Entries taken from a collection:
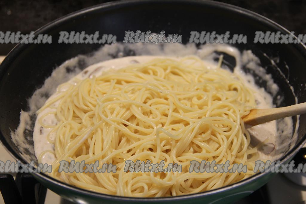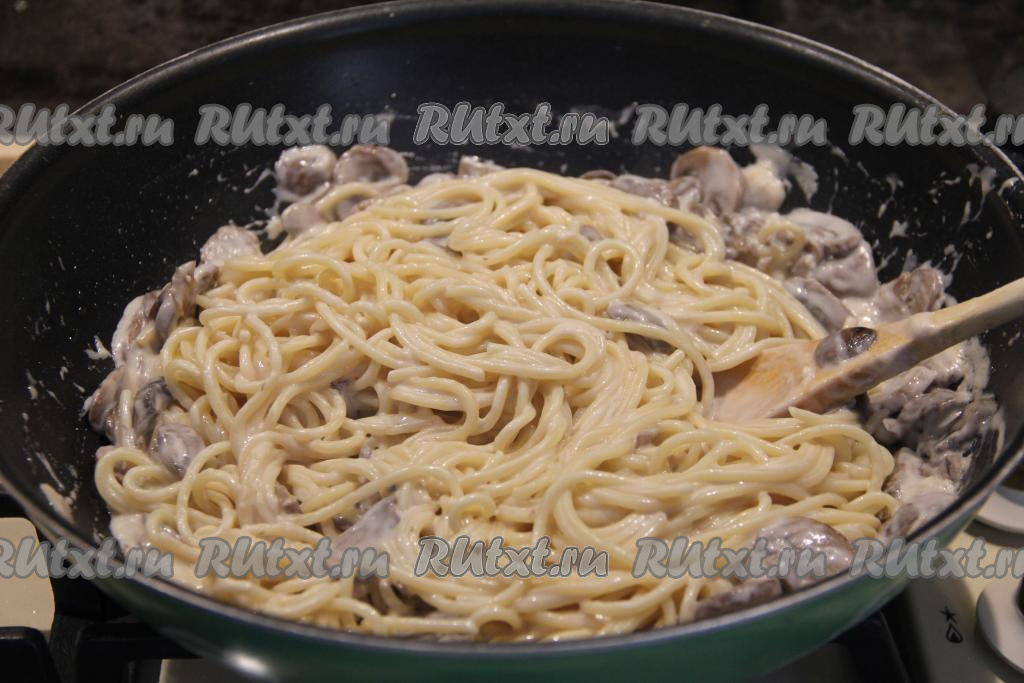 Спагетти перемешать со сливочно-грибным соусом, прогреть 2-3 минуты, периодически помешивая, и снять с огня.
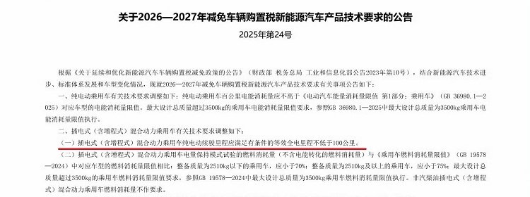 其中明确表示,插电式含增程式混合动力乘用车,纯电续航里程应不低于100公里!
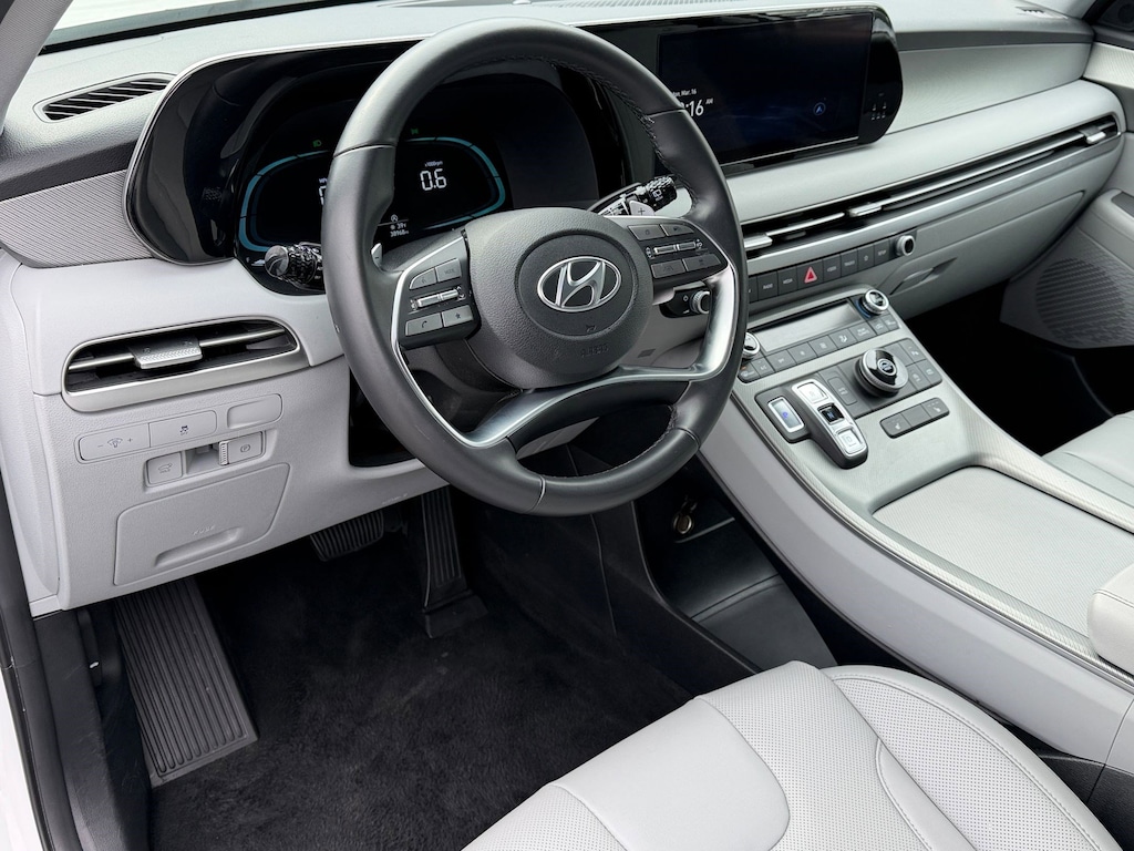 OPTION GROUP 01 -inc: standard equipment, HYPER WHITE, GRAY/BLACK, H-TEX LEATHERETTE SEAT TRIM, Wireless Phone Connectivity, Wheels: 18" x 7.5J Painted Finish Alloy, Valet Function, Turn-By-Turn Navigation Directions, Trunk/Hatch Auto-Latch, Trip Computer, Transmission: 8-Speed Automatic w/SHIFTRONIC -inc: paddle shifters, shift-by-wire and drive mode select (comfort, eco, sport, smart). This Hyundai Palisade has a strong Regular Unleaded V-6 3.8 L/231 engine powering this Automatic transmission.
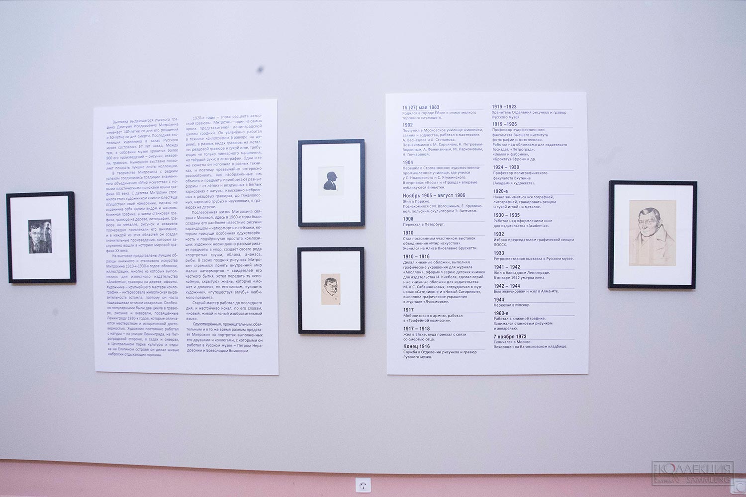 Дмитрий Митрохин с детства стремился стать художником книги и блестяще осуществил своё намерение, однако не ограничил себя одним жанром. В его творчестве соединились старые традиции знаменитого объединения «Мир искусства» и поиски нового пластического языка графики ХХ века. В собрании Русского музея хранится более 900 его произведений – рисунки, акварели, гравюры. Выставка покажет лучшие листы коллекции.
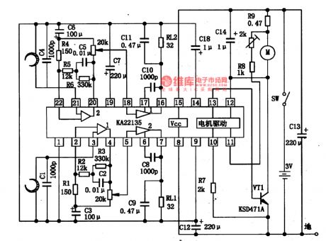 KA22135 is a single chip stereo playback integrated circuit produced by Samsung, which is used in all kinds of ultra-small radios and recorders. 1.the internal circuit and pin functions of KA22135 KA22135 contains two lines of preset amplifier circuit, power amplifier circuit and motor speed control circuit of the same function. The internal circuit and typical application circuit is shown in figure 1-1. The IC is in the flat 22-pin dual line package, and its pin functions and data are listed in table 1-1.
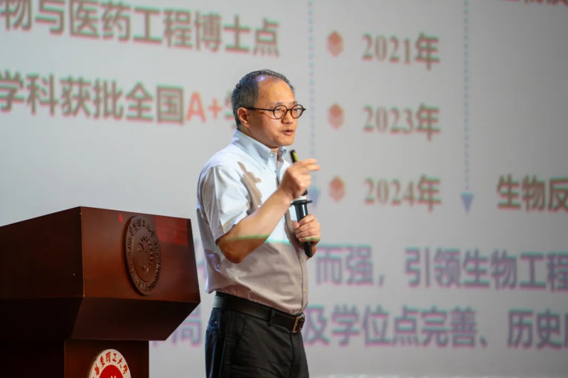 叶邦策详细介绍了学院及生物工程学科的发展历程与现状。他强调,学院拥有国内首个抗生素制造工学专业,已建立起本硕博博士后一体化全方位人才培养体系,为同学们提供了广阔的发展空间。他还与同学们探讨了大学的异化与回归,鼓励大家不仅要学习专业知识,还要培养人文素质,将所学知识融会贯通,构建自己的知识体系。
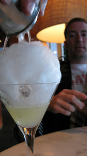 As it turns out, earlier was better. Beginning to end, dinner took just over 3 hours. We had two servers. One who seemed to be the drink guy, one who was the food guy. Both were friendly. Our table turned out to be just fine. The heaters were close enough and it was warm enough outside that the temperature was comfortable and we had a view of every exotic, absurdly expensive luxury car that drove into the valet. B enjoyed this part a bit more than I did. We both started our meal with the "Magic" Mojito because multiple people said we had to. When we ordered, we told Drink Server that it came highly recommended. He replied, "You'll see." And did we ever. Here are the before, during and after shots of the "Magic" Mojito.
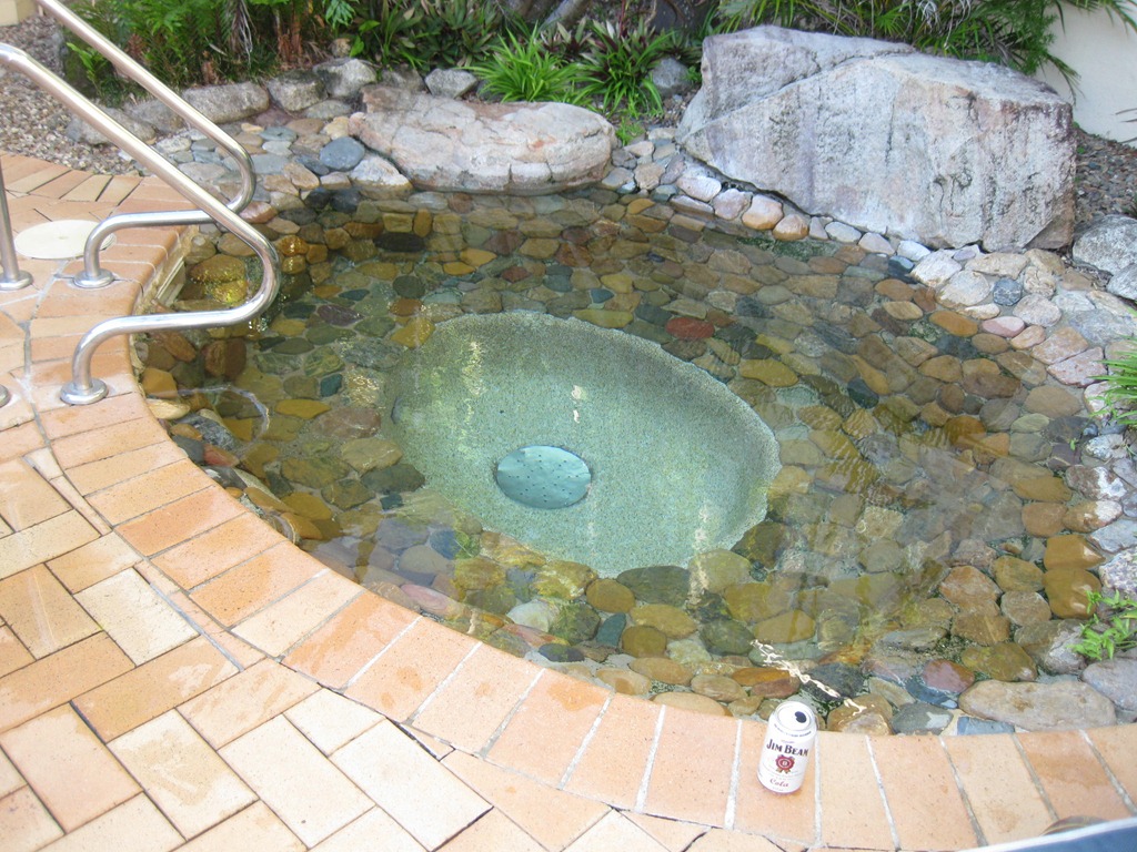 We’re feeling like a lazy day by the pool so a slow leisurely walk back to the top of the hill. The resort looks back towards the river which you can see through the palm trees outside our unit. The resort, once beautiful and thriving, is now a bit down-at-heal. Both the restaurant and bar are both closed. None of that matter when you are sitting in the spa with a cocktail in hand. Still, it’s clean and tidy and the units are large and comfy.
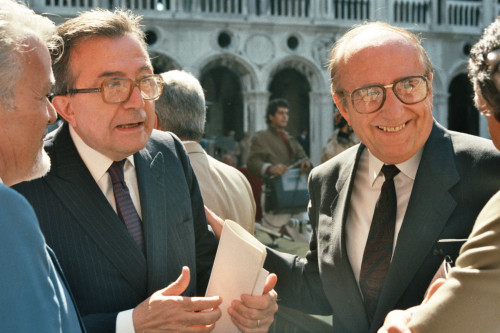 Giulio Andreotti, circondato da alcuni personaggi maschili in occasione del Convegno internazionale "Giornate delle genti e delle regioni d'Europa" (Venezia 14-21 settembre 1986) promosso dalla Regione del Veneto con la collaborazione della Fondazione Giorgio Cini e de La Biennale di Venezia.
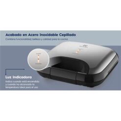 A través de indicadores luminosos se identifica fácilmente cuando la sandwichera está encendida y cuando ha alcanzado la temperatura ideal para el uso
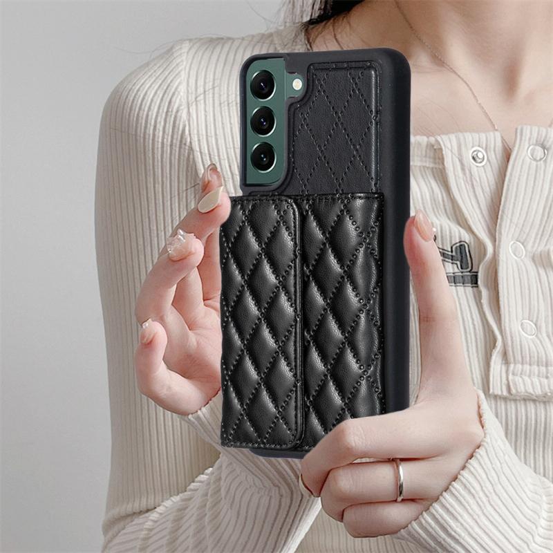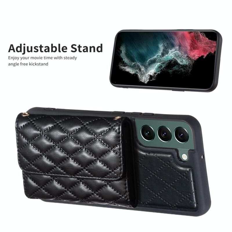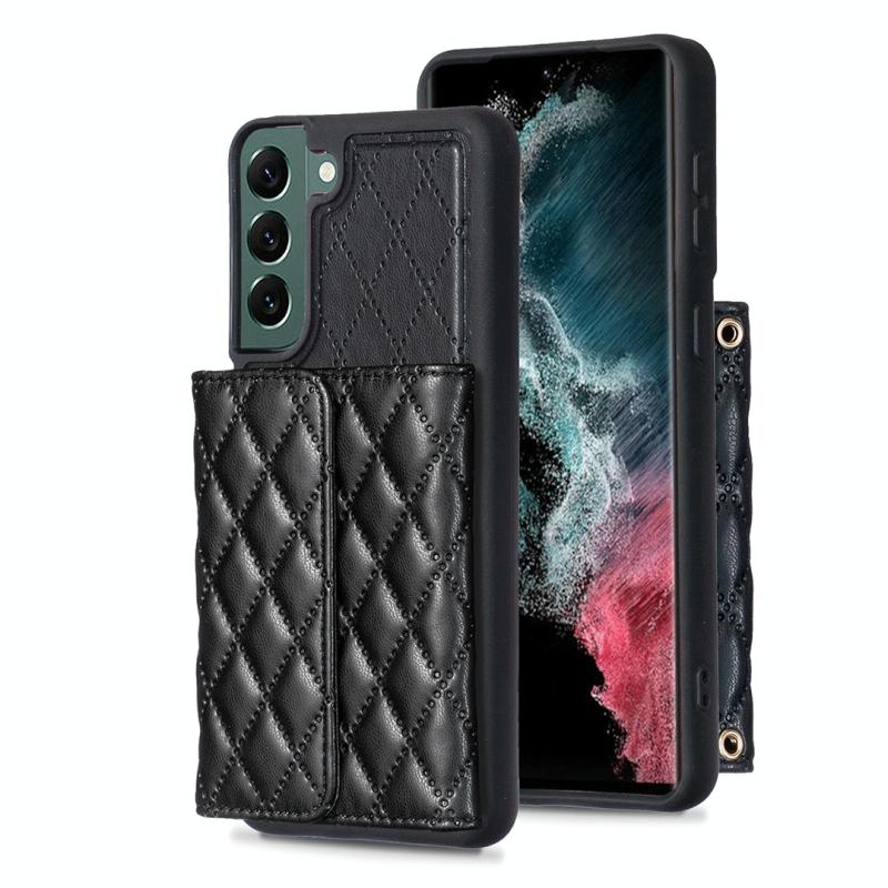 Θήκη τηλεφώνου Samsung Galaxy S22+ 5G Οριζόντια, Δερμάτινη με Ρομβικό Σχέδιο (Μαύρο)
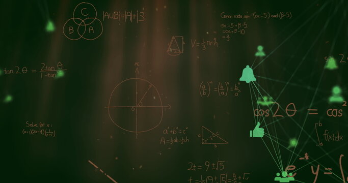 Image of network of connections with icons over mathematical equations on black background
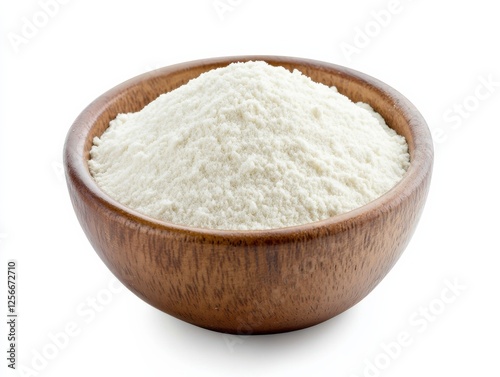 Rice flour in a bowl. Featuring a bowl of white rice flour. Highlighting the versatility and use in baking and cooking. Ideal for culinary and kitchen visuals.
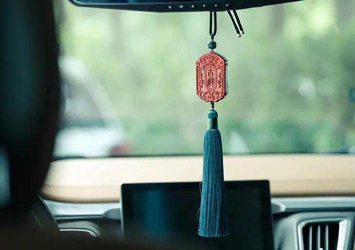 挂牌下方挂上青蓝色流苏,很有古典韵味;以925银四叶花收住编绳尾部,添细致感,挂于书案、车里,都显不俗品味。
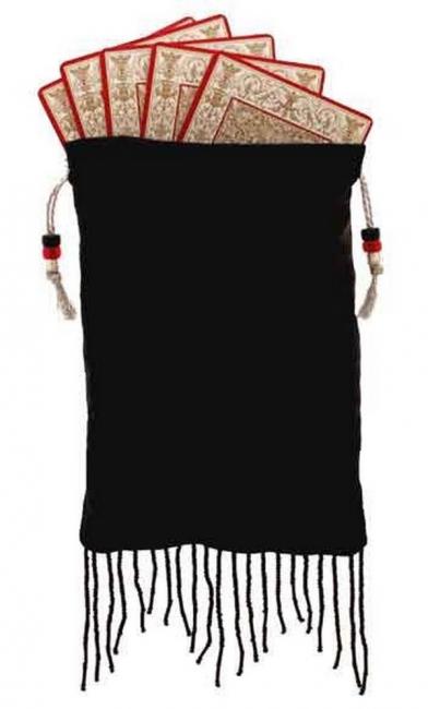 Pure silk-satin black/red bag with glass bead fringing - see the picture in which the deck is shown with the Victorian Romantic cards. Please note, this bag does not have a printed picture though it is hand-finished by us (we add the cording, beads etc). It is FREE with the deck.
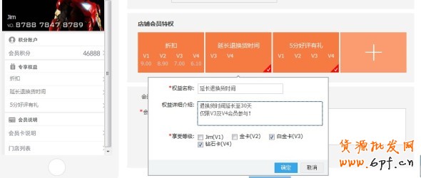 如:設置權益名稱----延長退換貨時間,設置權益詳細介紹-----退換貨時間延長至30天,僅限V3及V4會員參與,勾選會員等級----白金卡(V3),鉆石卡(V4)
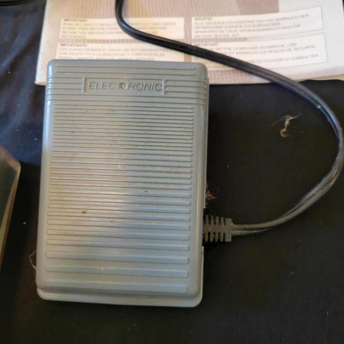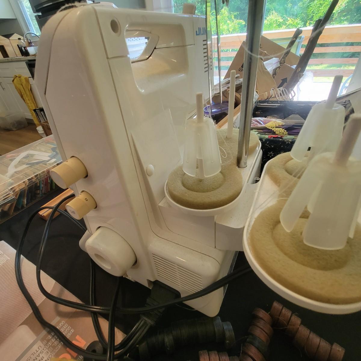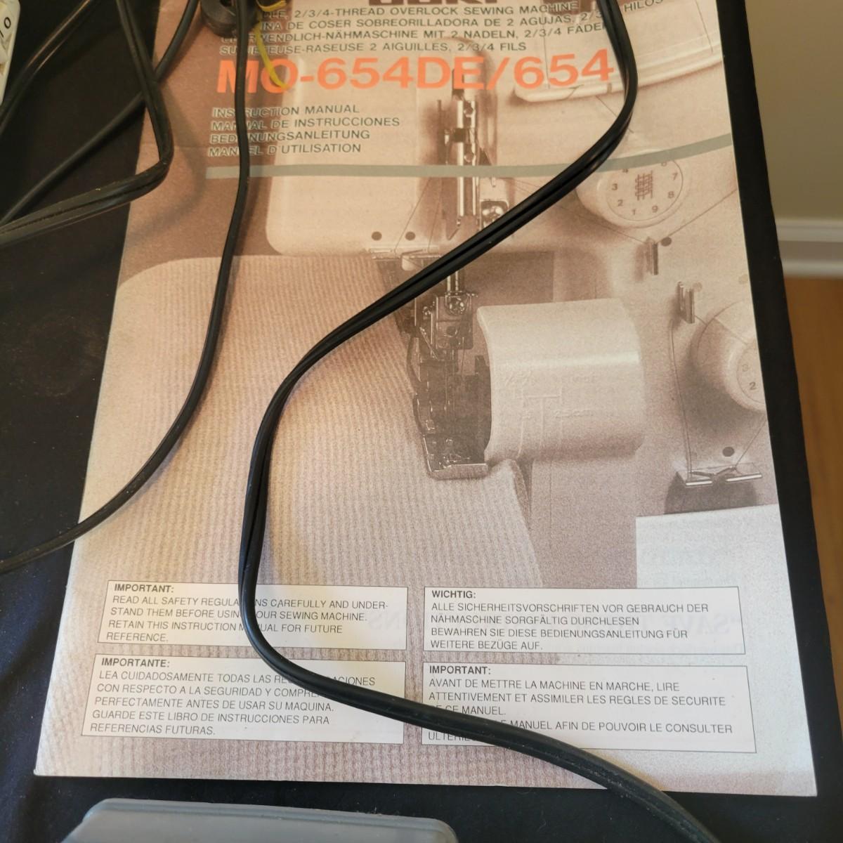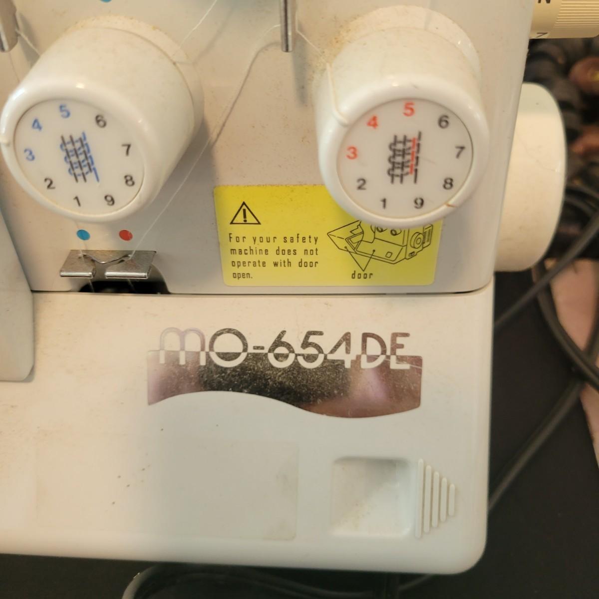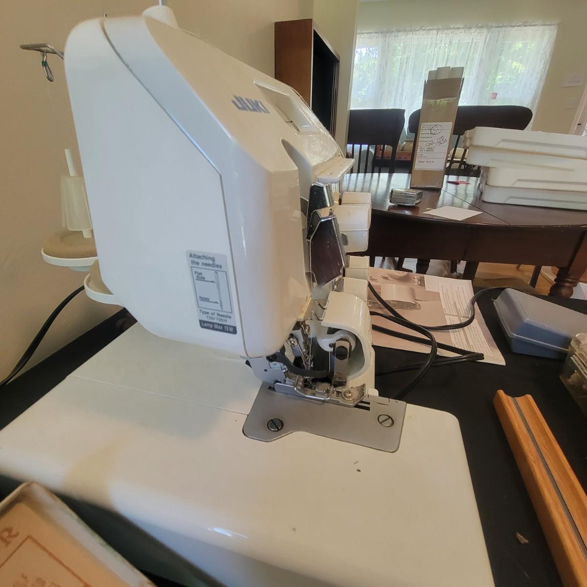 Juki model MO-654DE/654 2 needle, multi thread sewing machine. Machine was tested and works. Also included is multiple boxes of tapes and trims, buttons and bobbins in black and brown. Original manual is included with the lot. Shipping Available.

- Problem to solve
With the pictures left out, copy exactly the lines from the one containing "Image of network" through the last line of the data.

- Response below
 Image of network of connections with icons over mathematical equations on black background
 Rice flour in a bowl. Featuring a bowl of white rice flour. Highlighting the versatility and use in baking and cooking. Ideal for culinary and kitchen visuals.
 挂牌下方挂上青蓝色流苏,很有古典韵味;以925银四叶花收住编绳尾部,添细致感,挂于书案、车里,都显不俗品味。
 Pure silk-satin black/red bag with glass bead fringing - see the picture in which the deck is shown with the Victorian Romantic cards. Please note, this bag does not have a printed picture though it is hand-finished by us (we add the cording, beads etc). It is FREE with the deck.
 如:設置權益名稱----延長退換貨時間,設置權益詳細介紹-----退換貨時間延長至30天,僅限V3及V4會員參與,勾選會員等級----白金卡(V3),鉆石卡(V4)
 Juki model MO-654DE/654 2 needle, multi thread sewing machine. Machine was tested and works. Also included is multiple boxes of tapes and trims, buttons and bobbins in black and brown. Original manual is included with the lot. Shipping Available.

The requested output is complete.